As for Common - that's more a gameplay/setting convenience than anything else. Without it, you'd probably need translation magic to get any large-scale trading accomplished, and both the players and DM would need to keep painstaking track of who speaks what language (both among the PCs and NPCs) a lot of the time. And even if you have all the necessary languages covered in the party, now you have to worry about what happens if a key player can't make it that day, grinding the campaign to a halt.

Bohandas
2019-08-05, 12:33 PM
I would find it implausible if the elves didn't all share some variant of the same religion, given that they were all created by Corellon Larethian. This same factor contributes to shared language and culture. Conversely, I find it implausible for the various local deities of given areas to be as powerful as they are given that thay have such limited followings and are often in competition with other deities for rulership of natural processes, celestial bodies, and other portfolio elements (I'm thinking that maybe a lot of the seemingly localized pantheons have more solid followings on other worlds, where their control of, for instance, the sun, is unambiguous)


As for different beings having the same range of cultural variation as humans.

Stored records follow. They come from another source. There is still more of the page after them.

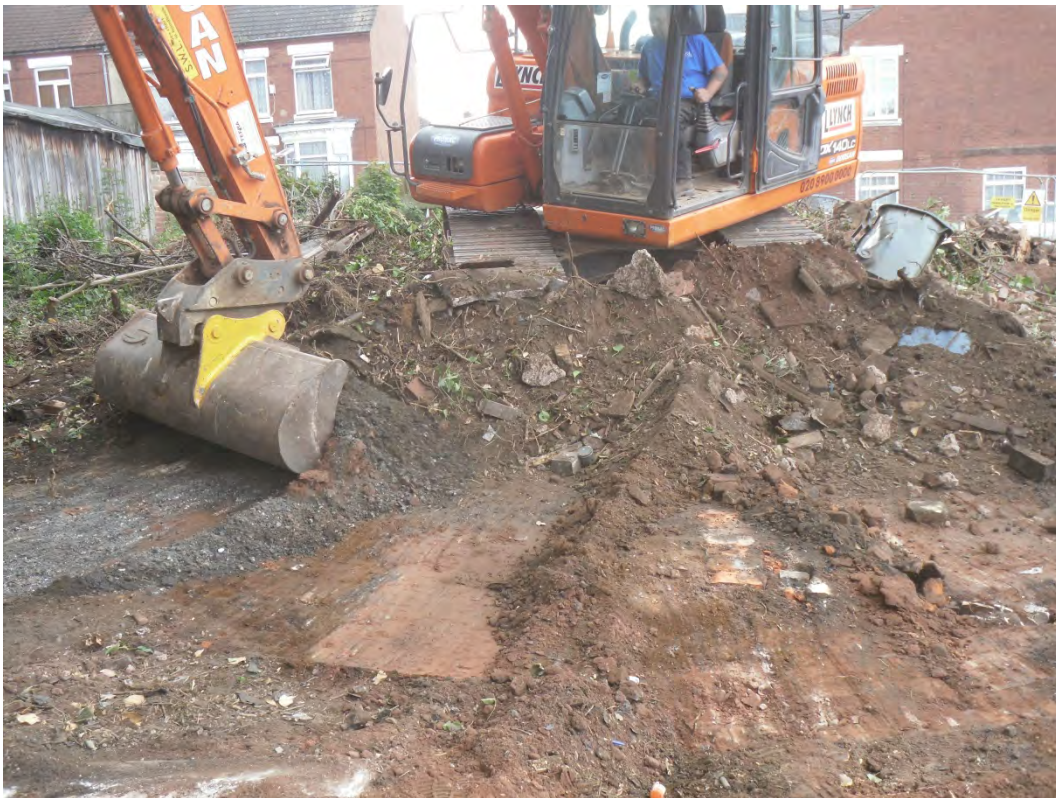
4. General view of stripping in progress
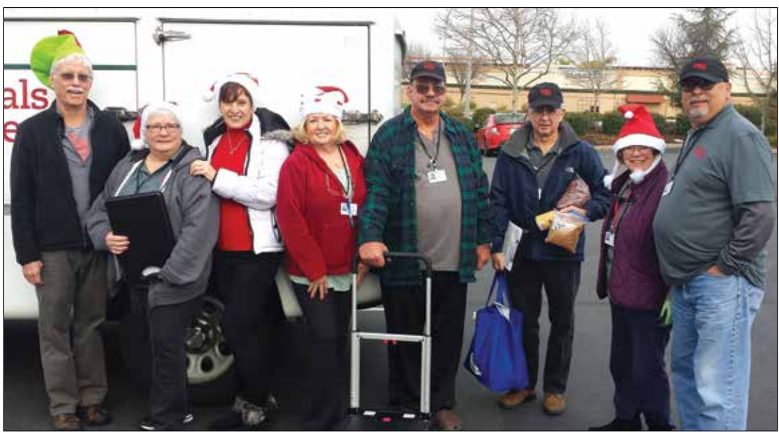
The non-profit provides roughly 500,000 meals and safety checks to roughly 1,500 home-bound seniors annually.
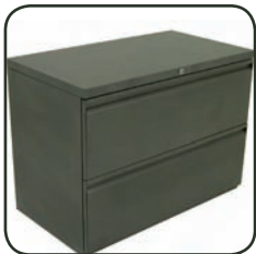
2 Dr Lateral Filing
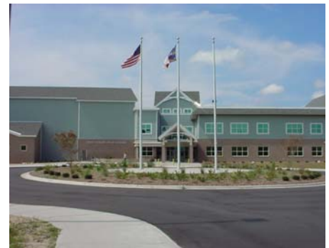
The new First Flight High School

Dare County schools have again been chosen to receive accreditation from the Southern Association of Colleges and Schools. This non-profit, non-governmental Association has been accrediting schools for over 100 years. SACS accreditation is widely recognized by colleges, universities, technical schools and employers as one source to determine the quality of education available to students from Virginia south to Florida and west to Texas. The Dare County school district is one of just 52 districts state wide with this accreditation. For more info on Dare County Schools call Scott Team Realty or go to the County's School website at http://www.dare.k12.nc.us/
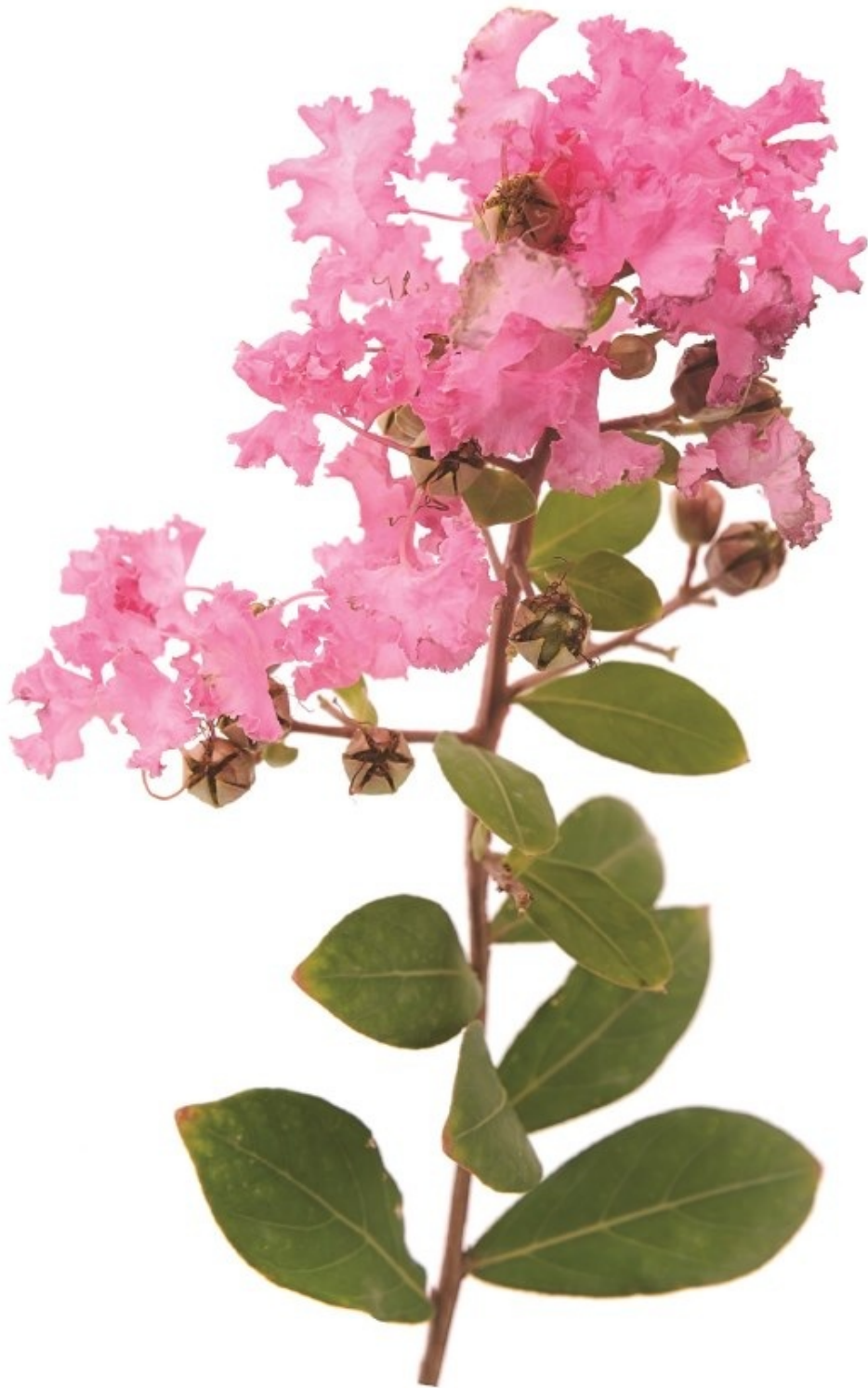
Myrtle, Red— Myrtus communis

Anti-infective, Antiseptic, Antispasmodic, Carminative, Expectorant, Skin toner
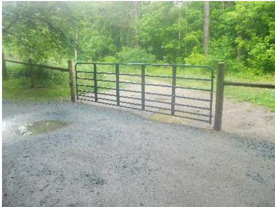
Figure 1: New gate / fence at Milton
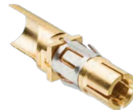
Solder 10 AWG

For the female connector a full range of power contacts are available, capable of carrying 5A at 20AWG to 40A at 10AWG:
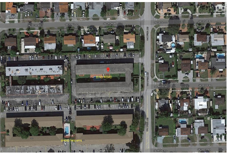
Built in 1969 - 46 units - 2 floors
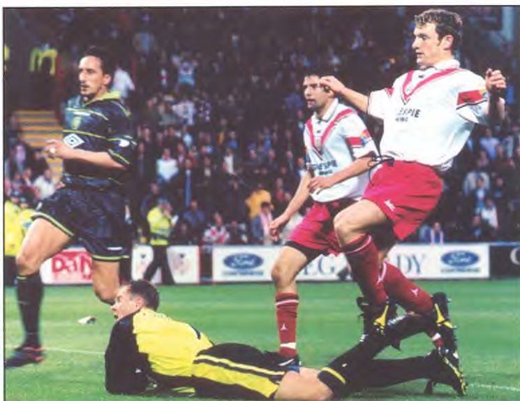
DOUBLE DIAMOND... Airdrie aim to end Celtic's cup run for the second time this season
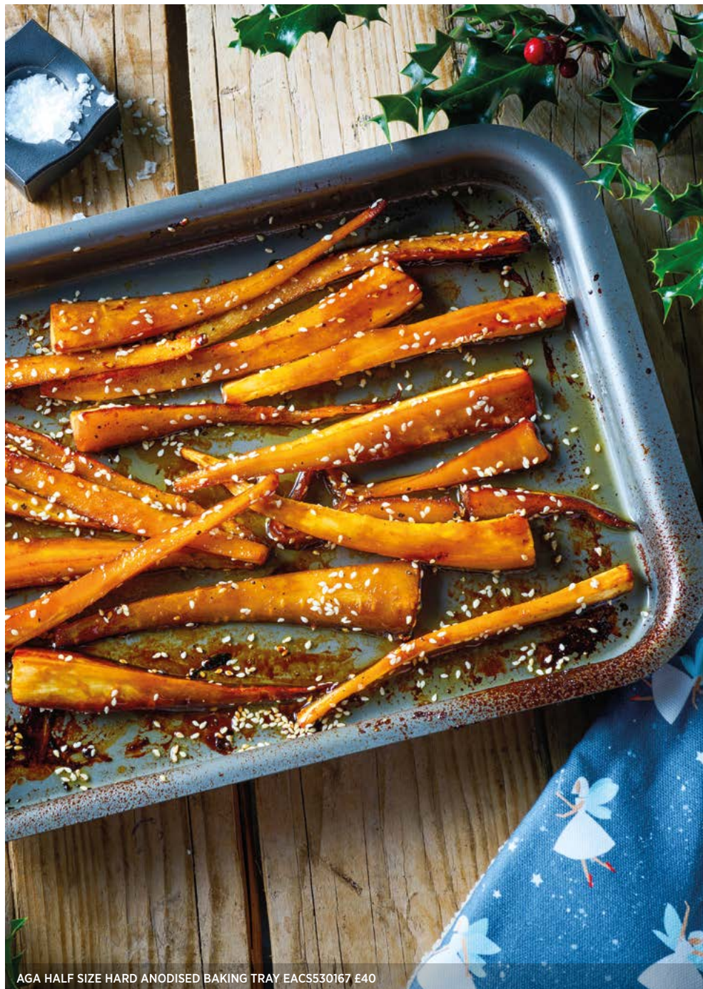
AGA HALF SIZE HARD ANODISED BAKING TRAY EACS530167 E40
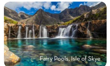
Fairy Pools, Isle of Skye
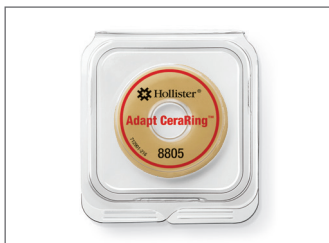
Figure 1 Remove from plastic tray
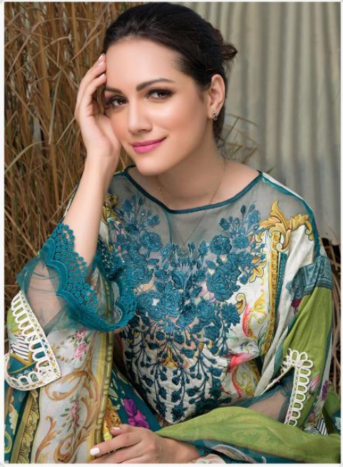
allie DESIGN NUMBER-096 ♦ DEEPSY SUITS ♦
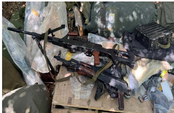
Weapons discovered by IDF forces in south Lebanon
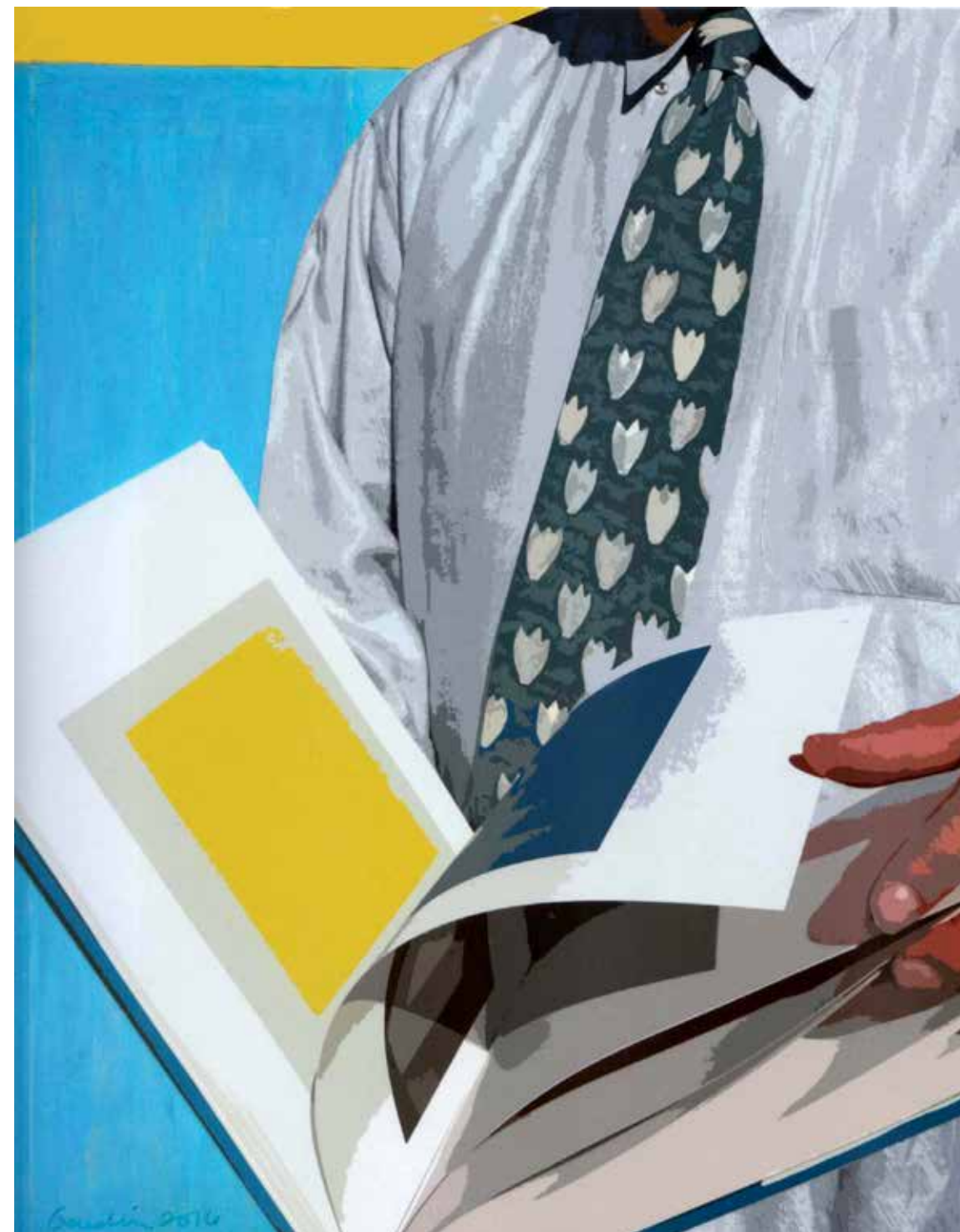
Curtain Wall 2016 Mixed Media Collage 9 x 7 inches

Like Spring always gains the support of an empty palette.
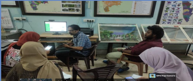
Volunteers interacting with District Level officers at Civil Station, Malappuram

Five members of our club participated in 'Quality connect campaign' on the occasion of World Consumer Rights Day-15 th March 2025, organized by Bureau of Indian Standards. The Manak Mitras (volunteers) interacted with a minimum of 10 district level officers, in various departments of Collectorate, for creating awareness on BIS and their importance.
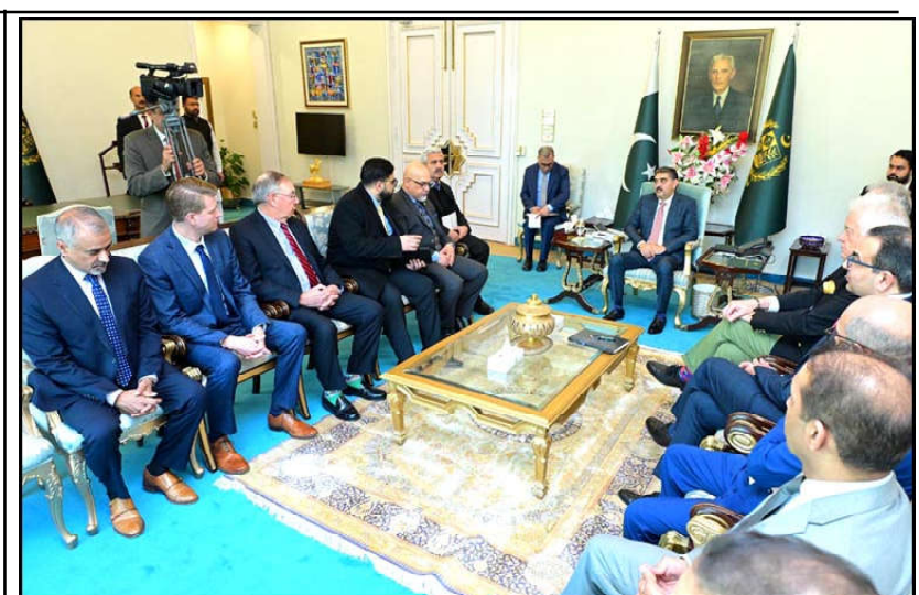
ISLAMABAD: A delegation of Miracle Salt Collective Inc called on Caretaker Prime Minister Anwaar-ul-Haq Kakar.

It was stated that the future course of action would be decided after conducting the Lawyers and All Parties conferences.
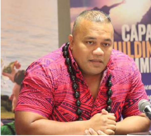
Ofisa Sili o Pulega a le Pulega o Tagata Tafafao Maimoa mai Fafo ia Fa'amatu'u Suifua Fa'amatu'u.

Ua taulimaina e le Minisita o Faalapotopotoga a le Malo, ma le Minisita o le Pulega o Tagata Tafafao mai fafo ni tusi fa'aseā mai ia'i latou o galulue, ma nisi sa galulue ile Pulega e faasinotonu i aga tausili ma agava'a o le Ofisa Sili o le Pulega.
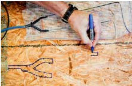
Figure 5. Outline the cold lead splice and sensor location.
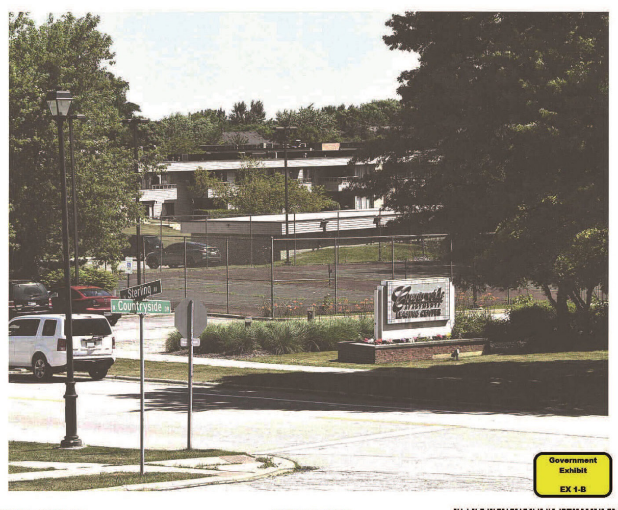
EX001B_0001 / 1 EX001B_0001
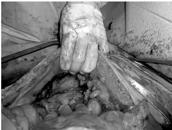
Figure 2. Operative photo of the same patient with subphrenic abscess

When systemic inflammatory response syndrome (SIRS) is due to infection, it is termed sepsis, and sepsis caused by an intra-abdominal infection (IAI) is termed abdominal sepsis. Sepsis with acute dysfunction of at least one organ is called severe sepsis, and severe sepsis with hemodynamic instability refractory to fluid administration, with a requirement for vasopressor support is termed septic shock [2].
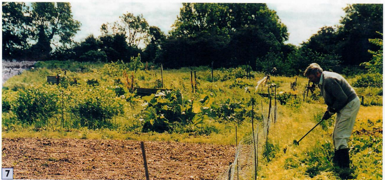
26/05/2000 11:00 ARH
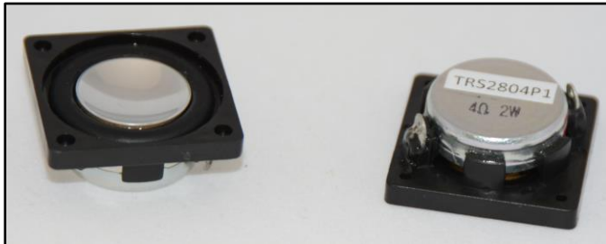
Our TRS-2804 series is a one-inch square, high watt output speaker with a wide frequency range and a mylar membrane for moisture protection.

Introducing our newest product, the TRIP-2612P . This is a one-of-a-kind part with a low 400 Hz frequency piezo which compares to all electromechanical buzzers. This part is still in the development process so keep an ear open for this product because we will be releasing more information about it later this year!
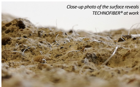
Close-up photo of the surface reveals TECHNOFIBER® at work
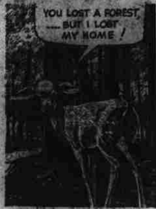
Please be more careful!

* Every pool owner should consider taking a Red Cross life saving course. If there is a teenager in the family, he or she also should be trained.
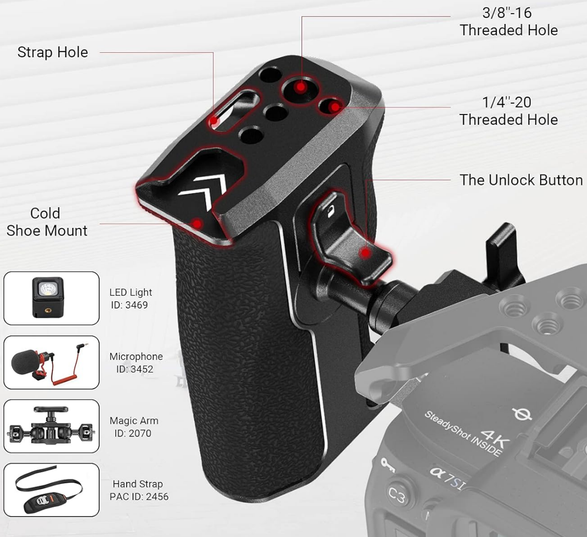
Image: Close-up of the SmallRig 3260 NATO Handle showing the 1/4"-20 and 3/8"-16 threaded holes, cold shoe mount, and strap holes for accessory attachment.
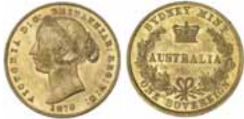
1334* Queen Victoria , second type, 1870. Original mint bloom, nearly uncirculated.
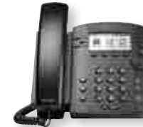
Polycom VVX 6-Line, 2-Line and 1-Line LCD Phones
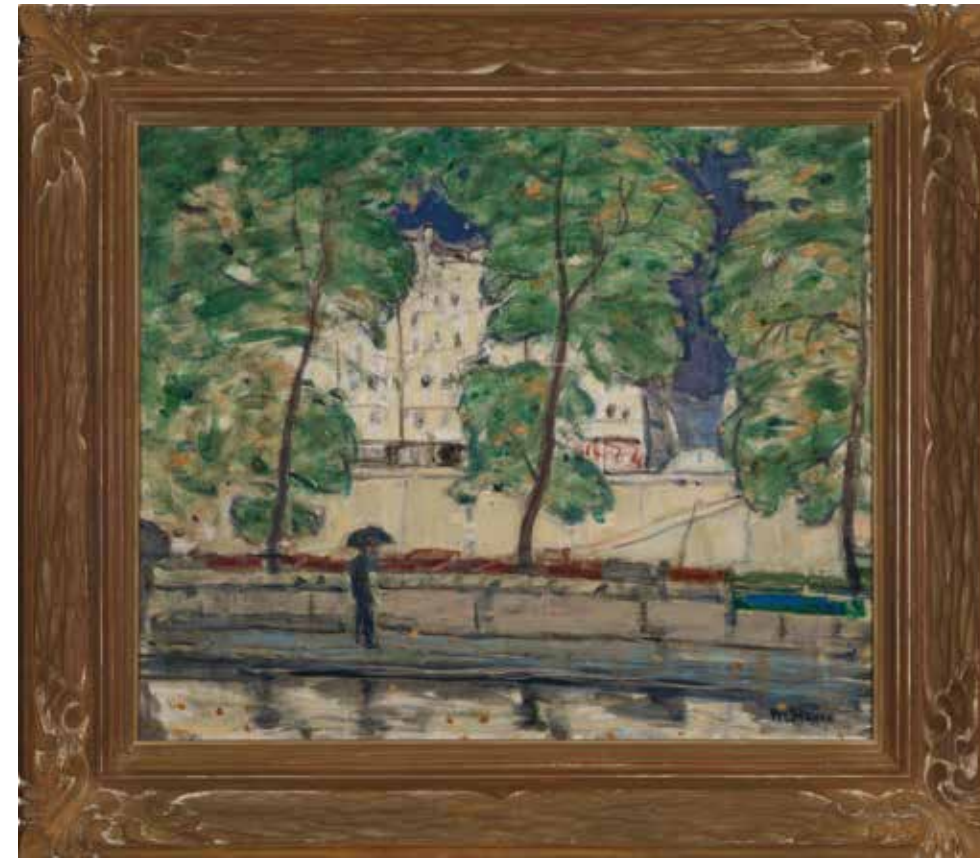
114 showing in its frame

When I arrived at my studio I found a most ghastly change—the shop next door is now an automobile shop—it is painted red—a beastly hot red—what one would naturally expect... At night there is a huge lantern with a large number & the
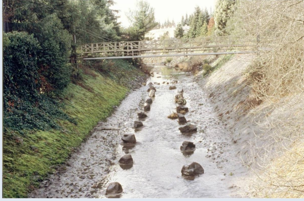
Santa Rosa Creek - Before
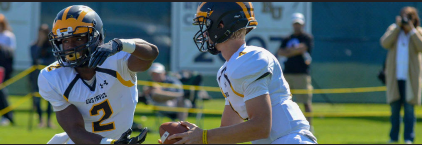
WEEK 4 • ARDEN HILLS, MINN. • GUSTAVUS O, BETHEL 31

The Gustavus football team suffered a 31-0 loss at Bethel on Saturday afternoon. The Gusties fall to 1-3 overall and 0-2 in the MIAC, while the Royals improve to 3-0 overall and 1-0 in the league.
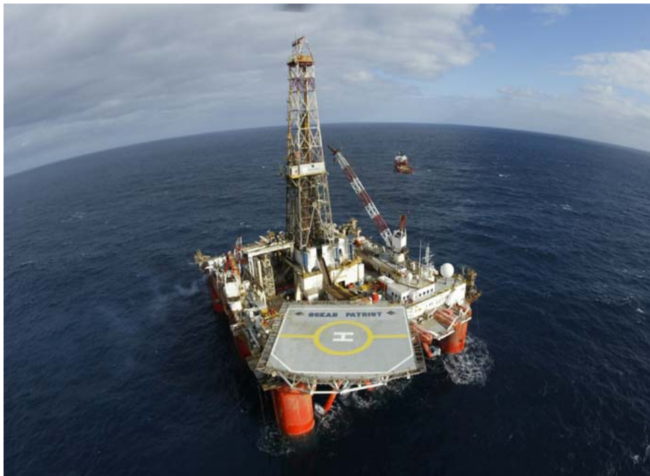
New Seaclem-1 in PEP11, offshore Sydney Basin, will be drilled by the semi submersible rig "Ocean Patriot".

Advent is pleased to advise that it has now received all necessary statutory approvals and drilling permits to permit the drilling of New Seaclem-1 in PEP 11. Under its internal control procedures, Advent will continue to comply with the regulations and the terms and conditions of the permits and approvals issued.
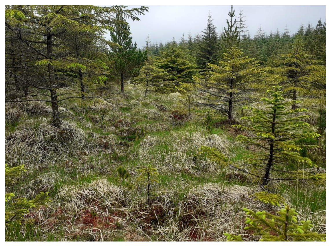
Plate 1. View of poorly grown conifers – note presence of bog vegetation, including Sphagnum moss in places (as shown in bottom left of photo). June 2021.
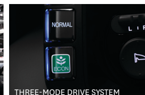
THREE-MODE DRIVE SYSTEM

In addition to the factors listed above, it is inconceivable that a phylogenetically creature with different sensory apparatus, sleep patterns, etc would have the same umwelt and psychology as a human. So even of they had the same range of cultural variation it wouldn't vary around the same center (and thus from our prespective would appear strongly biased in a certain direction)

LibraryOgre
2019-08-05, 01:05 PM
One argument for races being somewhat homogeneous is, of course, that they're frequently acts of special creation, if not the outright blood of the god. Elves are, according to one legend (in Monster Mythology (https://www.drivethrurpg.com/product/16895/DMGR4-Monster-Mythology-2e?affiliate_id=315505)), the shed blood of Corellon, and every orc is the blood of Gruumsh. Even as generations go down, that's going to be a powerful influence on their culture and morality... in a sense, every elf is an Aasimaar, every orc is a tiefling.